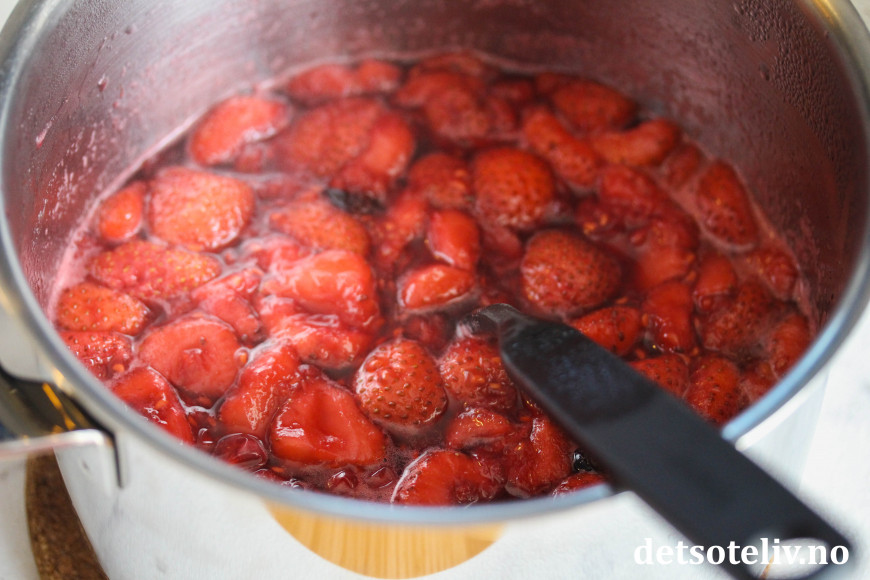 Rens bærene og ha dem i en middels stor kjele sammen med vann, sukker og vanilje.
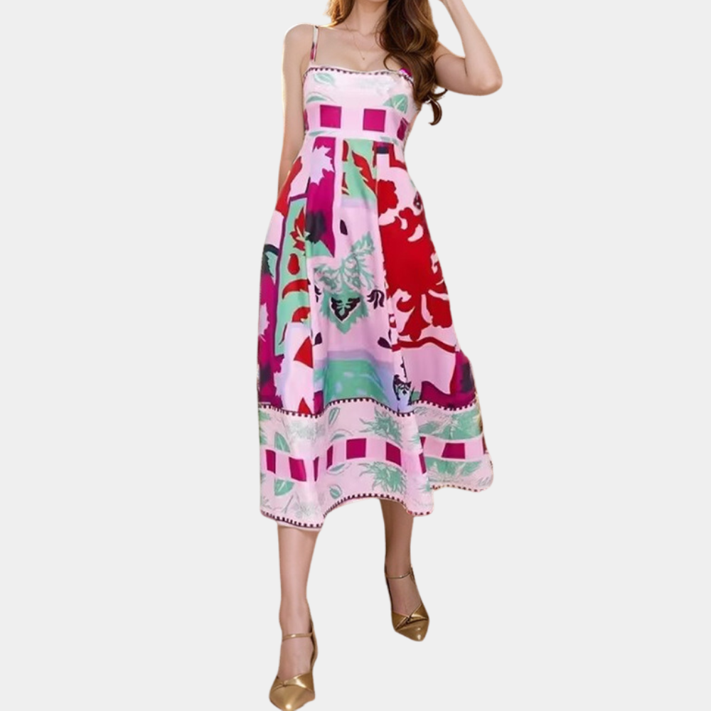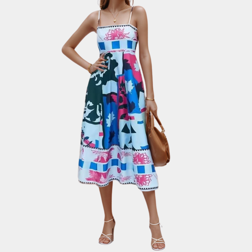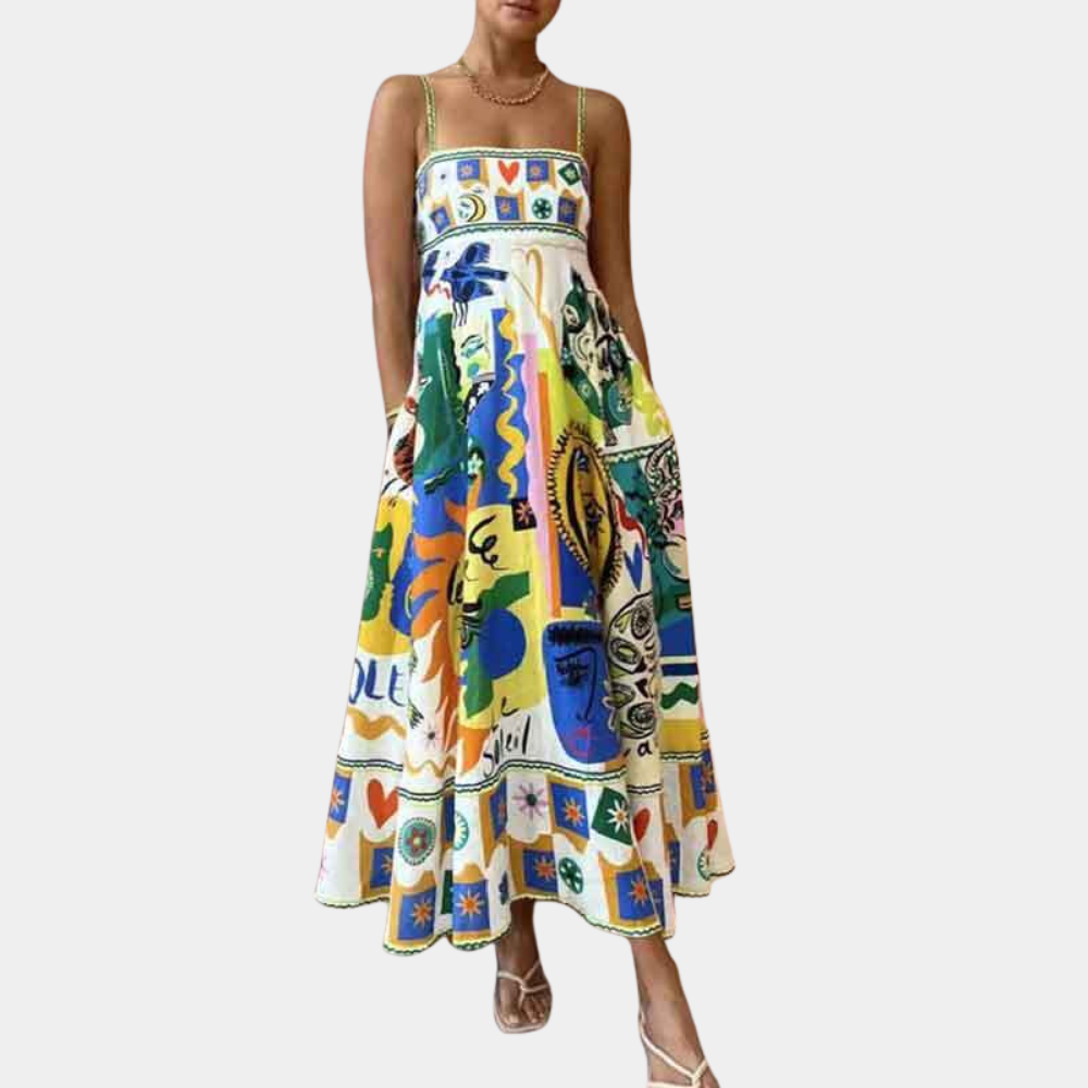 Draag de Arty Jurk met sleehakken en grote oorbellen voor een statement look. Voeg een zonnehoed en een kleurrijke handtas
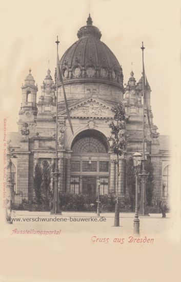 Den ersten Archtekturwettbewerb 1888 gewann der Architekte Alfred Hauschild (Stadtbaurat in Dresden von 1890 bis 1910), seine sehr kostenintensiven Entwürfe erforderten eine Umarbeitung durch zwei weitere Architekten. Der sächsische König hob 1894 das auf diesem Landesareal liegende Bauverbot auf. Die Bauausführung für das Hauptgebäude, das Verwaltungsgebäude und den Musikpavillon lag in der Verantwortung von Stadtbaurat Edmund Bräter und Stadtbaumeister Richard Möbius. Die Baurbeiten kosteten 1.464.277 Mark, die Errichtung der Nebenanlagen 125.833 Mark. Der im Ausstellungspark gelegene Teich und die angrenzenden Parkanlagen kosteten 40.000 Mark und wurden in Regie der Ausstellungskommission errichtet. Die Wegebauten, Tiefbauarbeiten und Rasensaaten erfolgten mit städtischen Mitteln.
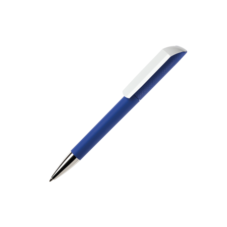FLOW F1 GOM CB CR Kugelschreiber Maxema, deckende Farben, gummiertes Gehäuse, strukturierte Kappe mit Seidenmatt-Finish, Clip in glänzendem Weiß, Spitze verchromt, blauschreibend
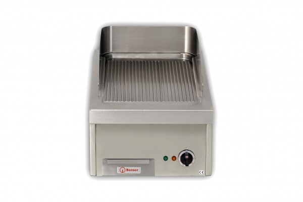 Die Berner BGADS40R Tisch-Griddleplatte mit 4.500 Watt ist die kleinste Grillplatte aus der Serie "System 70" aus dem Hause Berner Kochsysteme mit gerillter Bratfläche. Dieses System 70 bietet eine extrem breite Palette an Gastronomiekochgeräten als Standgerät oder als Tischmodell zum einrichten von Gastronomieküchen in verschiedenen Größen. Das Tiefenmaß dieser Baureihe ist 70 cm wie sie in den meisten Gerwerbeküchen zu finden ist. Schnuppern Sie doch mal durch unseren Gastrotechnikshop oder lassen Sie sich einfach telefonisch oder persönlich durch GastroXtrem beraten...
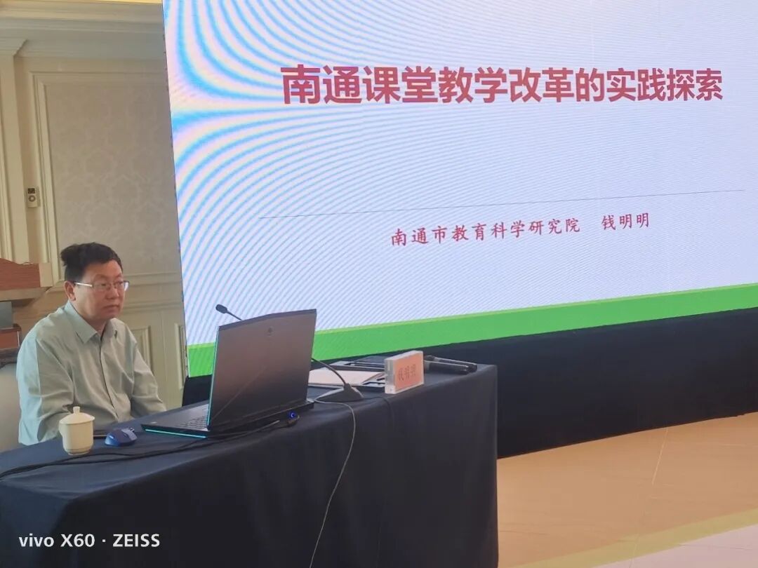 南通市教育科学研究院理论研究室主任钱明明以《南通课堂教学改革的实践探索》为题,深入阐释“立学课堂”的内涵要求、迭代演进与操作体系,聚焦学为中心、学科实践、知识统整,为老师们改进课堂教学、提升育人实效提供了有力支撑。
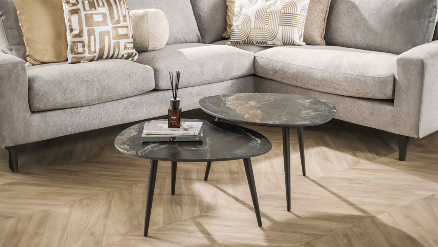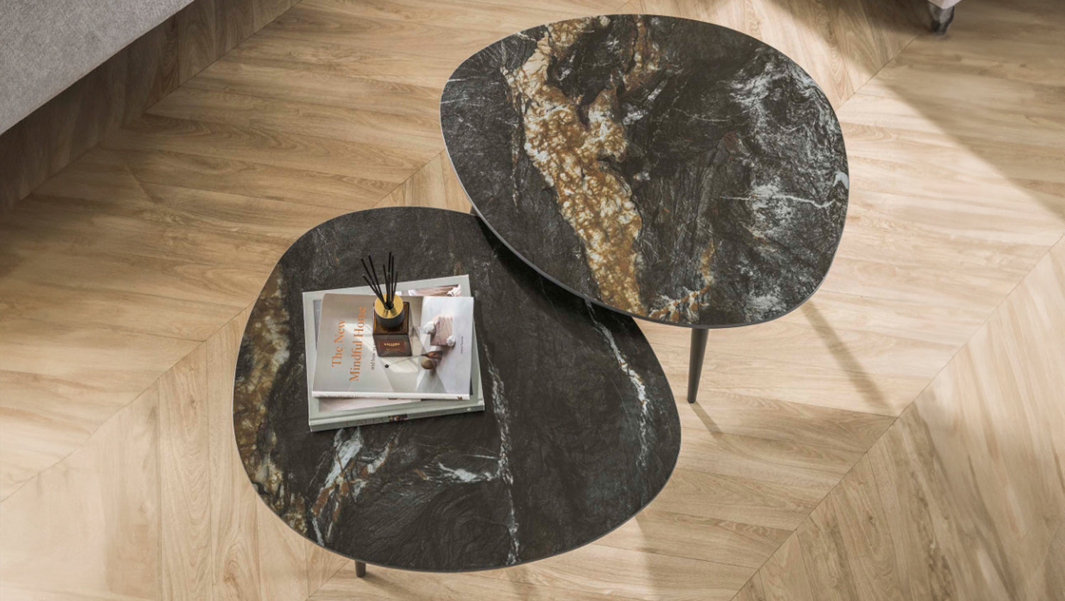 Das elegante, organisch geformte Couchtisch-Set PONTE von KAWOLA kombiniert ein minimalistisches Gestell mit einer luxuriösen Keramikplatte, die ihm einen raffinierten Look verleiht - perfekt für moderne und klassische Interieurs. Diese Tische sind vielseitig und funktional. Das Set besteht aus zwei Tischen. Beide Tische haben eine Fläche von 70 x 58 cm, bei einer Höhe von 40 cm bzw. 35 cm. Ob modern, rustikal oder klassisch – das PONTE Couchtisch-Set passt sich dank seines zeitlosen Looks mühelos jedem Einrichtungsstil an. Ideal als stilvoller Mittelpunkt im Wohnzimmer und ein echtes Highlight für Liebhaber hochwertiger Möbel.

——

BRIEF :: Transcribe each record above exactly, leaving every picture out of the copy.

TASK RESULT ::
 Rens bærene og ha dem i en middels stor kjele sammen med vann, sukker og vanilje.
 Draag de Arty Jurk met sleehakken en grote oorbellen voor een statement look. Voeg een zonnehoed en een kleurrijke handtas
 Den ersten Archtekturwettbewerb 1888 gewann der Architekte Alfred Hauschild (Stadtbaurat in Dresden von 1890 bis 1910), seine sehr kostenintensiven Entwürfe erforderten eine Umarbeitung durch zwei weitere Architekten. Der sächsische König hob 1894 das auf diesem Landesareal liegende Bauverbot auf. Die Bauausführung für das Hauptgebäude, das Verwaltungsgebäude und den Musikpavillon lag in der Verantwortung von Stadtbaurat Edmund Bräter und Stadtbaumeister Richard Möbius. Die Baurbeiten kosteten 1.464.277 Mark, die Errichtung der Nebenanlagen 125.833 Mark. Der im Ausstellungspark gelegene Teich und die angrenzenden Parkanlagen kosteten 40.000 Mark und wurden in Regie der Ausstellungskommission errichtet. Die Wegebauten, Tiefbauarbeiten und Rasensaaten erfolgten mit städtischen Mitteln.
FLOW F1 GOM CB CR Kugelschreiber Maxema, deckende Farben, gummiertes Gehäuse, strukturierte Kappe mit Seidenmatt-Finish, Clip in glänzendem Weiß, Spitze verchromt, blauschreibend
 Die Berner BGADS40R Tisch-Griddleplatte mit 4.500 Watt ist die kleinste Grillplatte aus der Serie "System 70" aus dem Hause Berner Kochsysteme mit gerillter Bratfläche. Dieses System 70 bietet eine extrem breite Palette an Gastronomiekochgeräten als Standgerät oder als Tischmodell zum einrichten von Gastronomieküchen in verschiedenen Größen. Das Tiefenmaß dieser Baureihe ist 70 cm wie sie in den meisten Gerwerbeküchen zu finden ist. Schnuppern Sie doch mal durch unseren Gastrotechnikshop oder lassen Sie sich einfach telefonisch oder persönlich durch GastroXtrem beraten...
 南通市教育科学研究院理论研究室主任钱明明以《南通课堂教学改革的实践探索》为题,深入阐释“立学课堂”的内涵要求、迭代演进与操作体系,聚焦学为中心、学科实践、知识统整,为老师们改进课堂教学、提升育人实效提供了有力支撑。
 Das elegante, organisch geformte Couchtisch-Set PONTE von KAWOLA kombiniert ein minimalistisches Gestell mit einer luxuriösen Keramikplatte, die ihm einen raffinierten Look verleiht - perfekt für moderne und klassische Interieurs. Diese Tische sind vielseitig und funktional. Das Set besteht aus zwei Tischen. Beide Tische haben eine Fläche von 70 x 58 cm, bei einer Höhe von 40 cm bzw. 35 cm. Ob modern, rustikal oder klassisch – das PONTE Couchtisch-Set passt sich dank seines zeitlosen Looks mühelos jedem Einrichtungsstil an. Ideal als stilvoller Mittelpunkt im Wohnzimmer und ein echtes Highlight für Liebhaber hochwertiger Möbel.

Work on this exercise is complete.